How Is It Implemented?
Generic binary search can be implemented either iteratively or recursively on any static sorted collection that allows random access. Implementations are generally simple and concise. Interestingly, the recursive implementation benchmarked much faster than the iterative one in Swift. (These benchmarks are available at the end of the article.)
iterative
func binarySearchIterative<T: Comparable, E: RandomAccessCollection>(_ xs: E, target: T) -> E.Index? where E.Element == T {
// Start with two indexes, one at the beginning
var startIndex = xs.startIndex;
// And one at the end
var endIndex = xs.index(before: xs.endIndex);
// We are done when are our indexes converge
while startIndex < endIndex {
// Find the midpoint between our current range
let midPoint = xs.index(startIndex, offsetBy: xs.distance(from: startIndex, to: endIndex) / 2);
let midValue = xs[midPoint];
// Evaluate the middle value against our target value
if ( target < midValue ) {
// If the target is less than our middle value,we can narrow the search space to
// [start, mid]
endIndex = midPoint
} else if ( target > midValue ) {
// If the target is greater than our middle value,we can narrow the search space to
// [mid, end]
startIndex = min(midPoint, xs.index(after: startIndex))
} else {
// If the target is equal, we've found it
return midPoint;
}
}
// We did not find a match
return nil;
}
recursive
func binarySearchRecursive<T: Comparable, E: RandomAccessCollection>(_ xs: E, target: T, start _start: E.Index? = nil, end _end: E.Index? = nil) -> E.Index? where E.Element == T {
// Base cases
guard !xs.isEmpty else { return nil; }
guard xs.count > 1 else {
return xs[xs.startIndex] == target ? xs.startIndex : nil
}
// Start with two indexes, optionally supplied
let startIndex = _start ?? xs.startIndex;
let endIndex = _end ?? xs.endIndex;
// Calculate the middle index
let midPoint = xs.index(startIndex, offsetBy: xs.distance(from: startIndex, to: endIndex) / 2);
let midValue = xs[midPoint];
// Compare middle value to target value
if ( target < midValue ) {
// recursively search the new search space of: [start, mid]

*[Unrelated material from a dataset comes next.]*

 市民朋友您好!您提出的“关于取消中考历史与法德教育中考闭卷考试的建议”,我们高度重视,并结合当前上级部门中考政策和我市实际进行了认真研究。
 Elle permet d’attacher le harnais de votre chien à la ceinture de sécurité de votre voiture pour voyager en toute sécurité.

return binarySearchRecursive(xs, target: target, start: startIndex, end: midPoint);
} else if ( target > midValue ) {
// recursively search the new search space of [mid, end]

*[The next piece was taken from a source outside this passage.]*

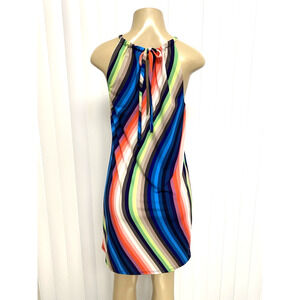 Trina Turk Tunic Dress Striped Multi Color Mini Sleeveless Tie Neck Line…

return binarySearchRecursive(xs, target: target, start: midPoint, end: endIndex)
} else {
// If the target is equal, we've found it
return midPoint;
}
}
Speed
let ARRAY_SIZE = 10000000; // 10 million
class BinarySearchTests: XCTestCase {
let testPerformanceArray: [Int] = makeSortedArray(ARRAY_SIZE);
var randomTarget = Int.random(in: 0..<ARRAY_SIZE));
func testIterativePerformance() {
self.measure {
let _ = binarySearchIterative(testPerformanceArray, target: randomTarget)
}
}
func testRecursivePerformance() {
self.measure {
let _ = binarySearchRecursive(testPerformanceArray, target: randomTarget)
}
}
func testNaiveFind() {
self.measure {
let _ = testPerformanceArray.firstIndex(of: randomTarget)
}
}
}
test code
I could have guessed testNaiveFind’s use of firstIndex (and ignorance as to whether the supplied array is sorted) doomed it to linear performance, but I’m stumped as to the order of magnitude difference between the iterative and recursive binary search functions. Any readers have an explanation?